Si Guayaquil significa unir a los dos ejércitos libertadores, esta unión militar triunfante en Ayacucho no podrá traducirse en unidad política. Poco tiempo después de la Declaración de Monroe, el Congreso de Panamá, reunido en el Istmo en 1826, por iniciativa de Bolívar, fracasará. El sueño de Bolívar de una América Latina reunida en un solo Estado, lo que, por otro lado, es también el deseo de San Martín, se evapora. La guerra por la independencia había dado vida propia a una serie de Estados, los cuales, por intereses políticos y económicos, no están dispuestos a renunciar a su plena autonomía. Además, los hombres más ilustres de la época no comprenden que las nuevas tierras emancipadas del dominio español son codiciadas por otras potencias. Ya nadie intentará en gran escala someterlos formalmente a situación colonial, pero sus riquezas les serán arrebatadas y cualquier reclamación que hagan tendrá por respuesta el sabotaje comercial o la amenaza militar. Bolívar comprende que una segunda independencia latinoamericana debe asegurar la primera. San Martín, cuando ingleses y franceses bloquean el Río de la Plata en 1845, enviará su sable a Rosas como prueba de su solidaridad en contra de la injerencia imperialista.

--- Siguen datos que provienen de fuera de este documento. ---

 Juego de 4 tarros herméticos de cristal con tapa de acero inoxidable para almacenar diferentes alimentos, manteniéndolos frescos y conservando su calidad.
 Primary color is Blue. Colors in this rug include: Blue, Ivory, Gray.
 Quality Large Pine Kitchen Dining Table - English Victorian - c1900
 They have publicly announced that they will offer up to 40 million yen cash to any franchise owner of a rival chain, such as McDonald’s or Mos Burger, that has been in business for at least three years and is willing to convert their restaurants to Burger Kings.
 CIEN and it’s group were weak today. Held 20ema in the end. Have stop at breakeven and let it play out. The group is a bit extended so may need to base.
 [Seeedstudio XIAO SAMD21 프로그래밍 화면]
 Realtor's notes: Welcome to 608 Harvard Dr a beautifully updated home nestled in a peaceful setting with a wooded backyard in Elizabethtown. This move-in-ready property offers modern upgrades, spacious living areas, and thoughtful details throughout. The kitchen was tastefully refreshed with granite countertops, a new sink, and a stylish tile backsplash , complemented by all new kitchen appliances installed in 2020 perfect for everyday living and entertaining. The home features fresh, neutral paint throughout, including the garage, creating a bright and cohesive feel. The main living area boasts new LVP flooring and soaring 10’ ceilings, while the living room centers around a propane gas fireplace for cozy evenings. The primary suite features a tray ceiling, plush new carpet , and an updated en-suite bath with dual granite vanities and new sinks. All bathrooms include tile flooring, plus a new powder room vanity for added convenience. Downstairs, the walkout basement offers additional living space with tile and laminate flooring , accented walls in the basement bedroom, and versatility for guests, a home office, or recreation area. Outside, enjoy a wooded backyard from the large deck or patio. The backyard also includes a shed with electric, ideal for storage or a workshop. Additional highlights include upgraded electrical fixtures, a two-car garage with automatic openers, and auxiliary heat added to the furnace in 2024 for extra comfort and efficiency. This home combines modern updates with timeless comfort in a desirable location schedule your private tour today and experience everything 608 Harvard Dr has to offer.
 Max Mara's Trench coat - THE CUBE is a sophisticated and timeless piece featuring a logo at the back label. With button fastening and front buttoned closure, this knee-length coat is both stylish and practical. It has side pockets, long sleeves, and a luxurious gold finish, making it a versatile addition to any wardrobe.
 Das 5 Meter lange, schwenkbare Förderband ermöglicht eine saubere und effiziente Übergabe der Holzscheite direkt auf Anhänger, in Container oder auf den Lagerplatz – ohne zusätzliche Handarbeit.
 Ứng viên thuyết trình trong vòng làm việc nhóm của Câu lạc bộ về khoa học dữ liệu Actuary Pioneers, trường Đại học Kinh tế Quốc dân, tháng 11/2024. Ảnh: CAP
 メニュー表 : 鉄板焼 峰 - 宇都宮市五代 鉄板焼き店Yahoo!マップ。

Todos los Estados americanos fueron convocados a la conferencia mediante diplomáticos enviados por Bolívar, pero con la hostilidad declarada de Inglaterra, a la que no convenía, bajo ninguna forma, que Latinoamérica se reunificara. A esto hay que sumar la desconfianza de los Estados Unidos, que rehusaron conceder plenos poderes a sus delegados. Finalmente, cada núcleo dirigente regional, fortalecido en la lucha por la independencia, manifiesta aspiraciones muy concretas que les impiden renunciar a lo que consideran su absoluta soberanía recién conquistada. Este proceso, con muchas variantes, se va a repetir en Africa en el siglo XX.